The influence of Anton Webern in the two decades following World War II exceeded that of any other composer including his teacher Arnold Schoenberg. Webern introduced new forms for new contents, and imposed a sensibility challenging that of the modern music of the day—for example, a Bartok Orchestra Concerto, a Schoenberg Piano Concerto, or a Stravinsky Danses concertantes. But more recently, Webern’s range of feeling has been called into question, as has the validity of the relationships between some of his complex constructions and the music one hears. An examination of his musical philosophy, of his approach to composition, and of his own analyses of his later works is needed.
This much and more is provided in a forthcoming biography1 of the composer by Hans Moldenhauer, the first full (Wagner-not-Webern-length) one, a definitive “life” not likely to require significant amplification or revision for at least a decade. Much of the book consists of primary documents, the principal sources being diaries that span most of Webern’s career, several hundred pages of his letters to Schoenberg (together with many of the master’s replies), correspondence with Alban Berg as well as with many lesser musicians and friends, and an oral history that, in view of the comparatively limited sphere of Webern’s activities in his earlier years and the enforced seclusion in his final ones, must be nearly complete.
Even those who have felt the attraction of Webern’s music, and who followed the astonishing shift from esoteric to exoteric in his postwar recognition, will discover from the new book that they knew virtually nothing about the man apart from the circumstances of his death. Also, because his life, work, and philosophy were for thirty years inseparable from his teacher’s, Anton von Webern is Schoenberg biography as well. Finally, Moldenhauer gives new information on the friendship between Webern and Berg.

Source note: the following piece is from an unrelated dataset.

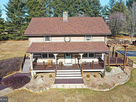 WELCOME HOME! This custom log home is situated on a private and lush 3 acre lot in Lovettsville. This 3 bedroom, 3 full bathroom GEM of a home has been meticulously maintained by the original owners. The main level offers hardwood floors throughout (new carpeting installed in dining room and living room as owner preference), updated kitchen with ceiling fan, beamed ceiling, silestone quartz counters, and new appliances. The dining room offers ceiling fan with light and beamed ceiling with french door to side deck with pergola. Spacious living room with stone wood burning fireplace (electric logs in place that will convey). Hand hewned steps lead to lovely upper level where hardwood floors continue throughout. Owner's bedroom offers 2 spacious walk-in closets and en-suite bathroom with shower. 2nd and 3rd bedrooms have bound rugs that will convey. The 2nd full bathroom offers a tub/shower combo. Walk-out lower level offers 3rd full bathroom, laundry room, brick hearth for a woodstove insert, and plentiful storage space...waiting to finished as desired. Roof was replaced in 2015, gutters and downspouts in 2019, all decking replaced with Trex in 2018, Double-Hung Pella Windows, and so much more!! Rest and unwind on the front porch overlooking the front yard and scenic vistas or on the side deck with pergola overlooking the side yard. Enjoy the lower level deck as well!! The expansive shed/barn with loft is great for additonal storage and work space. And don't miss the CHICKEN COOP, too!! Located just minutes away from Historic Lovettsville and close to award winning wineries, farm to table restaurants, the MARC Train in Brunswick, MD as well as a short drive to the C&O Canal Towpath and Potomac River. NO HOA!! Imagine living in your OWN bed and breakfast!! There truly is no place like home.
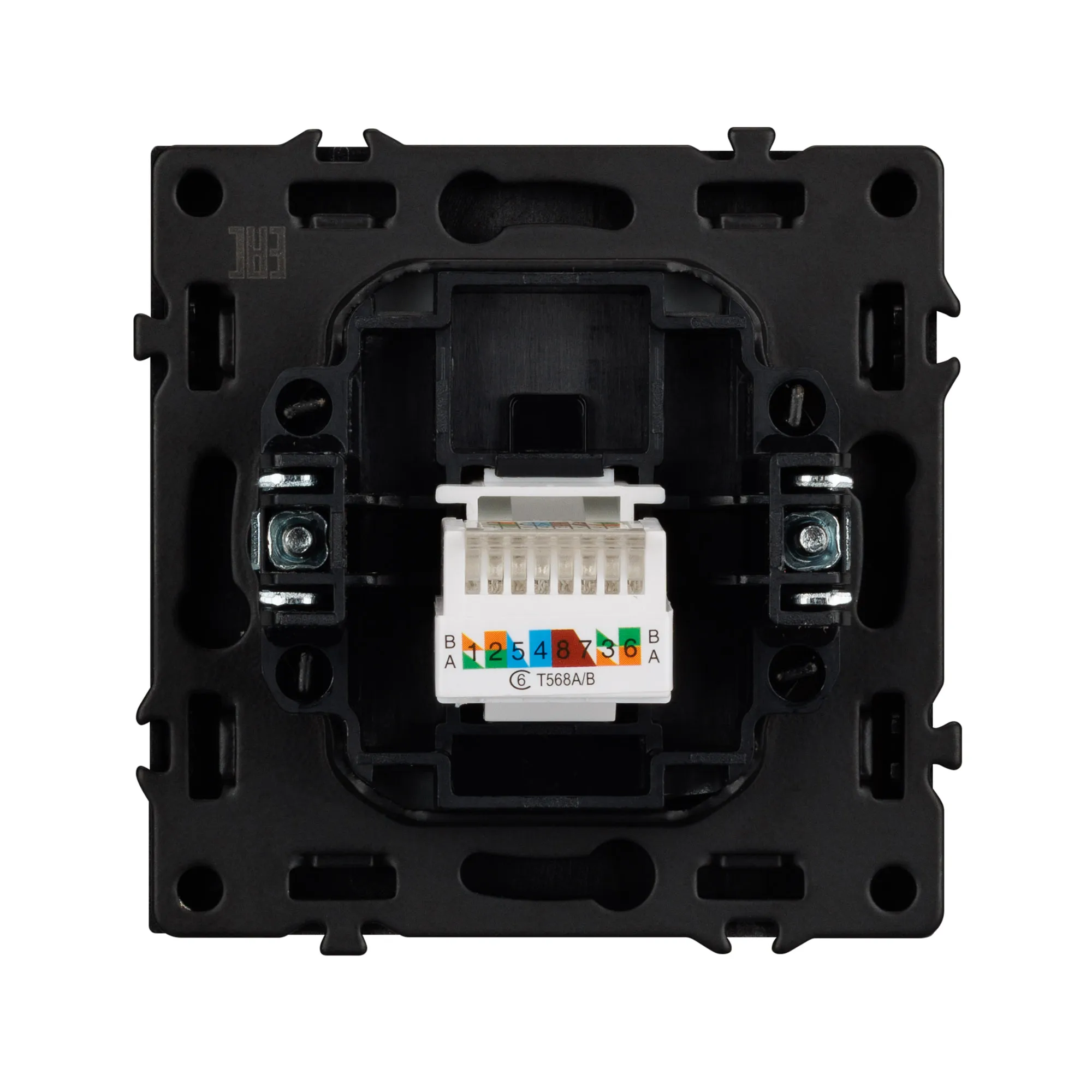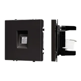 Механизм компьютерной розетки на 1 пост 6-й категории. Цвет - черный оникс, с Soft-Touch покрытием. Без фронтальной рамки. Уровень пылевлагозащиты IP20. Тип подключаемого разъема - RJ45. Розетка устанавливается в стандартный подрозетник круглого сечения диаметром 60мм.

Far from being confined to the most “enigmatic” of the Viennese triumvirate, therefore, the volume is a history of the anti-tonality movement that, twenty-six years after Schoenberg’s death, has become established as the center of gravity in twentieth-century music.
Webern was of noble descent, and his genealogy, longer than that of any other composer, can be traced from the late Renaissance in Alto Adige to present-day America, where one cousin taught Asian art history at Bryn Mawr, and another, an inventor, introduced rotogravure to The New York Sun, and died in Dayton, Ohio, in 1962. An ancestor of the composer fought in America in 1785—but as a captain of Hessian mercenaries, thus making the second of the founding fathers of twelve-tone music ineligible for membership in the Sons of the American Revolution. In the same year, a certain “Herr von Webern,” also probably an ancestor—the name, originally “Weber,” seems to have acquired the “n” of the dative case through a clerical error—is mentioned in a letter by Haydn as his sponsor for the Masonic Lodge to which Mozart already belonged.
The musical education of the young Webern in Klagenfurt during the late 1890s had many advantages over that of an aspiring composer of the same period living in Paris, London, or New York, the most important being the proximity of the provincial Austrian city to Vienna and therefore to the most vital creative forces of the time, Strauss, Mahler, and Schoenberg. At fourteen Webern was a cellist in the local symphony orchestra, learning the classical repertory from the inside—rather than from classroom dissections of it, or, as the case might be today, passively listening to recordings. Even at this age Webern in his letters displays exceptional musical insight, as when he comments on Liszt’s ingenuity in “weaving elements of old church music” into his Christus. A year later Webern’s taste had matured to the extent that he acknowledged Bach as “the supreme master of music,” a less common judgment then than today, especially from a young musician who shared the current idolatry for Bayreuth and who made the pilgrimage there. But he recovered from his Wagneritis sooner than most worshipers, and from then on Beethoven occupied the highest place in Webern’s pantheon, an edifice allotting more space to Schubert, it would seem, than to Haydn or Mozart; Beethoven was to remain the mainstay of Webern’s conducting, teaching, and lecturing.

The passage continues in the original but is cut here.